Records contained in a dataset
= Beginning of Section =

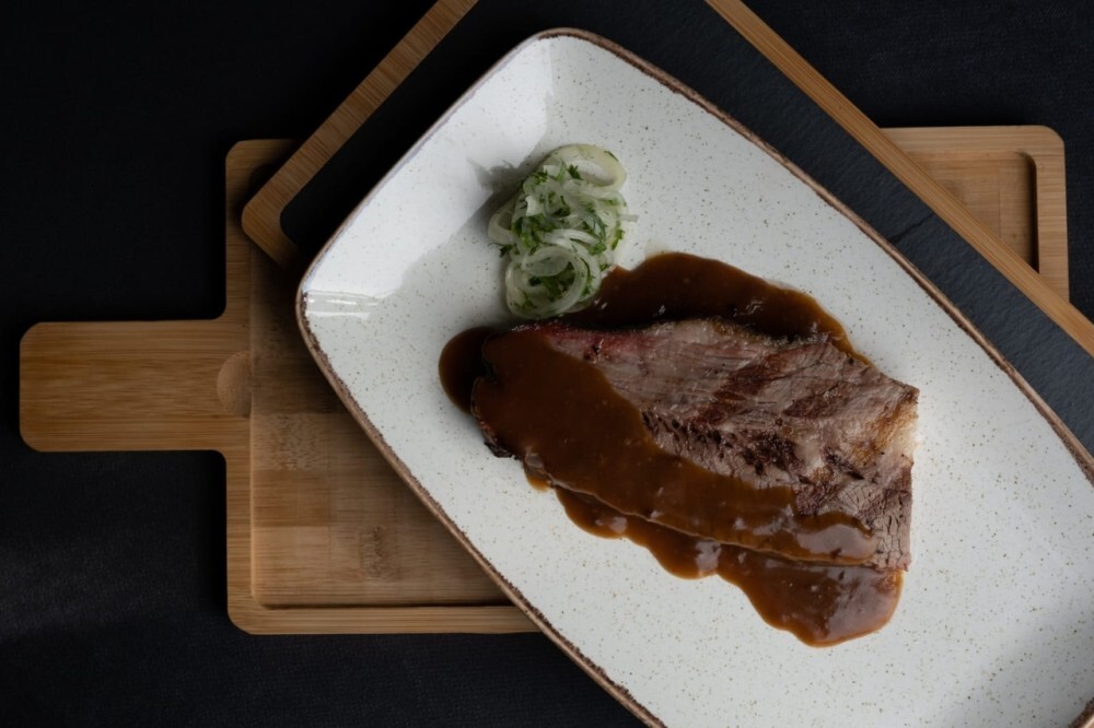 Утиная грудка с картофельным пюре и клюквенным соусом
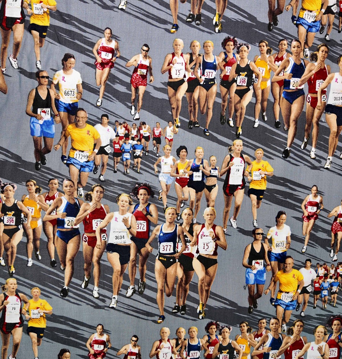 IMPRI-069 – Une foule de coureurs s’élance sur un sol gris, colorée par leurs tenues sportives. Le tissu capture l’énergie, la détermination et la vitalité d’une grande course en mouvement.
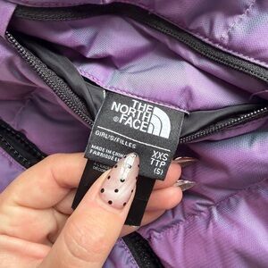 GIRLS ICY PURPLE BLACK REVERSIBLE NORTH FACE PUFFER JACKET XXS SIZE 5
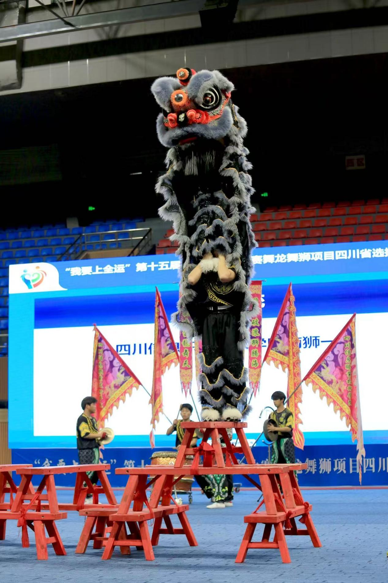 4月12日至13日,由四川省体育局、四川省体育总会主办,四川省社会体育指导中心、四川省龙狮运动协会、乐山市体育局承办的“我要上全运”第十五届全运会群众比赛舞龙舞狮项目四川省选拔赛在乐山市体育中心举行。经过激烈角逐,学院龙狮队凭借扎实的基本功在此次比赛中取得传统南狮第二名、第六名,障碍南狮第二名的优异成绩。
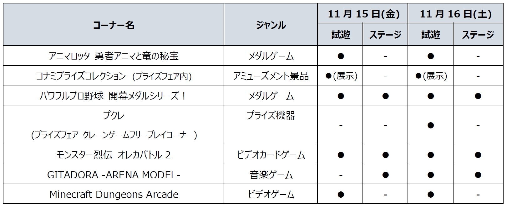 新たにアミューズメント施設向け音楽ゲーム「GITADORA」の新筐体『GITADORA -ARENA MODEL- (ギタドラ アリーナ モデル)』や、ビデオゲーム『Minecraft Dungeons Arcade(マインクラフト ダンジョンズ アーケード)』の出展など、各コーナーでお楽しみいただける情報を更新しました。
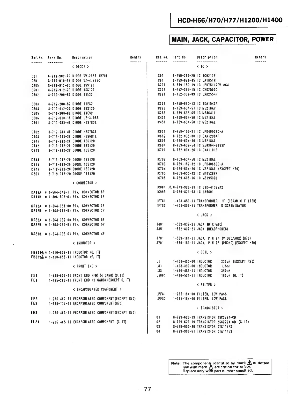 HCD-H66/H70/H77/H1200/H1400
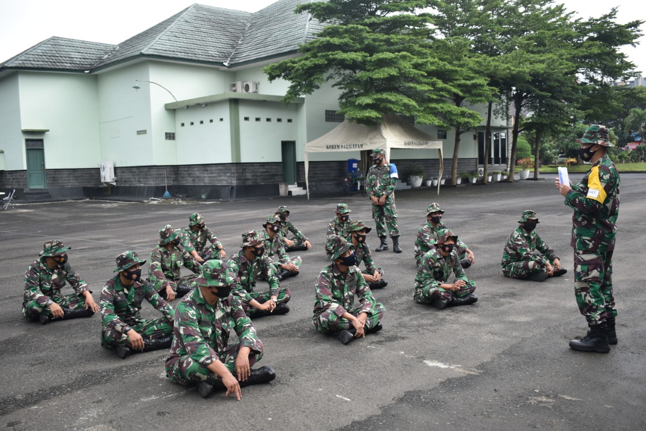 Bandar Lampung 08/02/2021, —- Bertempat di Lapangan apel Makorem 043/Gatam Jalan Tengku Umar No 85 Kelurahan Penengahan Kecamatan Kedaton Kota Bandar Lampung, Prajurit Makorem 043/Gatam mengikuti kegiatan Latihan Dasar Perorangan Triwulan I tahun 2021.

= End of Section =

**Problem to solve:** Copy all records exactly; omit images.

**Solved exercise:**
 Утиная грудка с картофельным пюре и клюквенным соусом
 IMPRI-069 – Une foule de coureurs s’élance sur un sol gris, colorée par leurs tenues sportives. Le tissu capture l’énergie, la détermination et la vitalité d’une grande course en mouvement.
 GIRLS ICY PURPLE BLACK REVERSIBLE NORTH FACE PUFFER JACKET XXS SIZE 5
 4月12日至13日,由四川省体育局、四川省体育总会主办,四川省社会体育指导中心、四川省龙狮运动协会、乐山市体育局承办的“我要上全运”第十五届全运会群众比赛舞龙舞狮项目四川省选拔赛在乐山市体育中心举行。经过激烈角逐,学院龙狮队凭借扎实的基本功在此次比赛中取得传统南狮第二名、第六名,障碍南狮第二名的优异成绩。
 新たにアミューズメント施設向け音楽ゲーム「GITADORA」の新筐体『GITADORA -ARENA MODEL- (ギタドラ アリーナ モデル)』や、ビデオゲーム『Minecraft Dungeons Arcade(マインクラフト ダンジョンズ アーケード)』の出展など、各コーナーでお楽しみいただける情報を更新しました。
 HCD-H66/H70/H77/H1200/H1400
 Bandar Lampung 08/02/2021, —- Bertempat di Lapangan apel Makorem 043/Gatam Jalan Tengku Umar No 85 Kelurahan Penengahan Kecamatan Kedaton Kota Bandar Lampung, Prajurit Makorem 043/Gatam mengikuti kegiatan Latihan Dasar Perorangan Triwulan I tahun 2021.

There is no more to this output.